- Born: Calvin Forrest Quate December 7, 1923 Baker, Nevada, U.S.
- Died: July 6, 2019 (aged 95) Menlo Park, California, U.S.
- Education: University of Utah (B.S.) (1944); Stanford University (Ph.D.) (1950);
- Known for: Atomic force microscopy; Acoustic microscopy;
- Awards: IEEE Medal of Honor (1988) National Medal of Science (1992) Kavli Prize (2016)
- Scientific career
- Fields: Electrical engineering
- Workplaces: PARC Sandia National Labs Stanford University
- Thesis: Traveling wave tubes as low noise amplifiers (1950)
- Doctoral students: Abdullah Atalar; Alison Baski;

= Calvin Quate =

American electrical engineer

Calvin Forrest Quate (December 7, 1923 – July 6, 2019) was an American electrical engineer and physicist best known for his contributions to microscopy. He was on the faculty of Stanford University from 1961 until his retirement in 2004.

==Education==
He earned his bachelor's degree in electrical engineering from the University of Utah College of Engineering in 1944, and his Ph.D. from Stanford University in 1950.

==Career and research==
Quate is known for his work on acoustic and atomic force microscopy. The scanning acoustic microscope, which Quate invented with colleague R. A. Lemons in 1973, has resolution exceeding optical microscopes, revealing structure in opaque or even transparent materials not visible to optics.

In 1981, Quate read about a new type of microscope able to examine electrically conductive materials. Together with Gerd Binnig and Christoph Gerber, he developed a related instrument that would work on non-conductive materials, including biological tissue, and the atomic force microscope was born.
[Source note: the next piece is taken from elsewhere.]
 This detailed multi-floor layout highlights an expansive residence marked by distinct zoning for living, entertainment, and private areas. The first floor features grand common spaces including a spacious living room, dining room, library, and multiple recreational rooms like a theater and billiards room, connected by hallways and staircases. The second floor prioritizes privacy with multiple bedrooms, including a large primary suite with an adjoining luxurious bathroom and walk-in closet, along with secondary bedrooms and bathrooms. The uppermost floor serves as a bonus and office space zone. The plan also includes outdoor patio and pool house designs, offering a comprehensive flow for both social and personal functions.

AFM traces surface contours using a needle to maintain constant pressure against the surface to reveal atomic detail. AFM is the foundation of the $100 million nanotechnology industry. Binnig, Quate and Gerber were rewarded with the Kavli Prize in 2016 for developing the atomic force microscope.
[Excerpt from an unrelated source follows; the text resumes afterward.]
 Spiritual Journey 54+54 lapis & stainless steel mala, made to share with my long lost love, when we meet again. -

Quate was a member of the National Academy of Engineering and National Academy of Sciences, having been elected to the former for his contributions to "research, teaching, and management in microwave and solid-state electronics." He was awarded the 1980 IEEE Morris N. Liebmann Memorial Award and the IEEE Medal of Honor in 1988 for "the invention and development of the scanning acoustic microscope." Quate became a senior research fellow at the Palo Alto Research Center (PARC) in 1984. In 2000, he became a recipient of the Joseph F. Keithley Award For Advances in Measurement Science. He was a fellow of the Norwegian Academy of Science and Letters. Quate died on July 6, 2019, at the age of 95.